Kenny Yip9 months ago^{+12}Let x, y be the eigenvalues of A.

det(A) = xy = 2018.

det(A inv) = 1/(xy) = 1/2018.

Tr(A inv)^2 - Tr(A inv^2) = (1/x + 1/y)^2 - (1/x^2 + 1/y^2) = 2/(xy) = 1/1009.

Here, I have used the properties that:

(1) determinant of a matrix is the product of the eigenvalues,

(2) trace of a matrix is the sum of the eigenvalues, and

(3) the eigenvalue of the inverse (square) of a non-singular matrix is the reciprocal (square) of each eigenvalue.

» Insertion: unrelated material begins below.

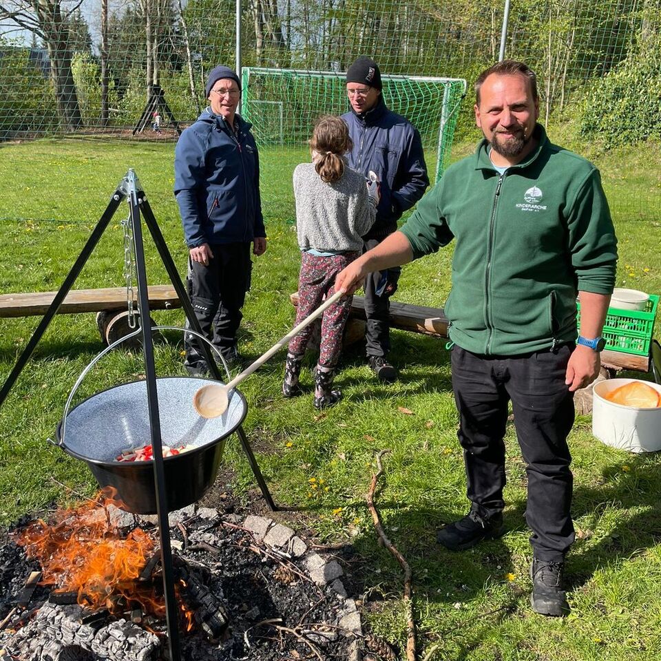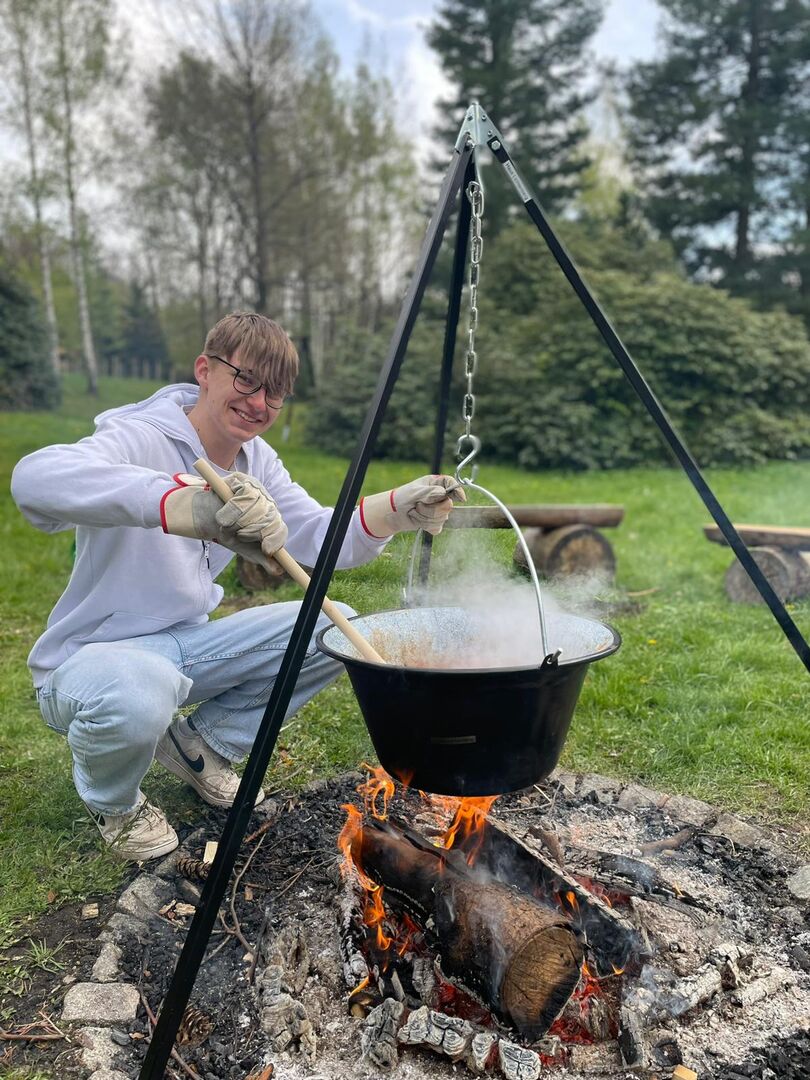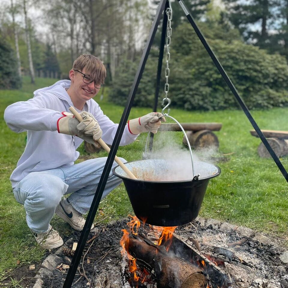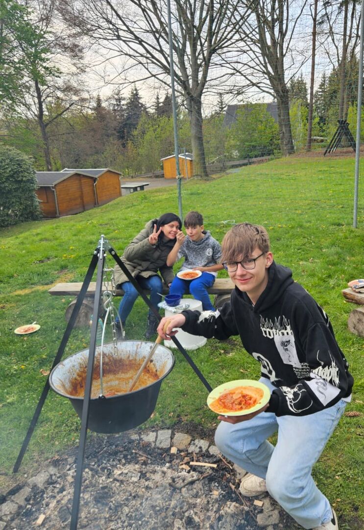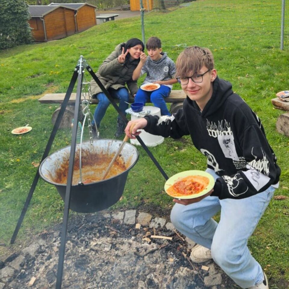 Nach getaner Arbeit waren alle hungrig. Herr Sperandio und Herr Irmscher kümmerten sich um das Feuer. Kessel drauf und los ging es. Niklas aus Wohngruppe 2 wachte über unseren Eintopf. Gemeinsam aßen wir dann den leckeren Pfundstopf.

adandap9 months agoVery nice. I just chugged through the easy algebra but this is much more elegant.

Gabriel N.9 months agoAnswer is 1/1009

Let B=A^{-1}={{x,y},{z,w}} we calculate that trB=x+w so (trB)^2=x^2+2xw +w^2. Now, when we calculate B^2 we find trB^2=x^2+2yz+w^2. So we difference is 2(xw-yz), which is precisely twice the detB=1/2018, since B=A^-1.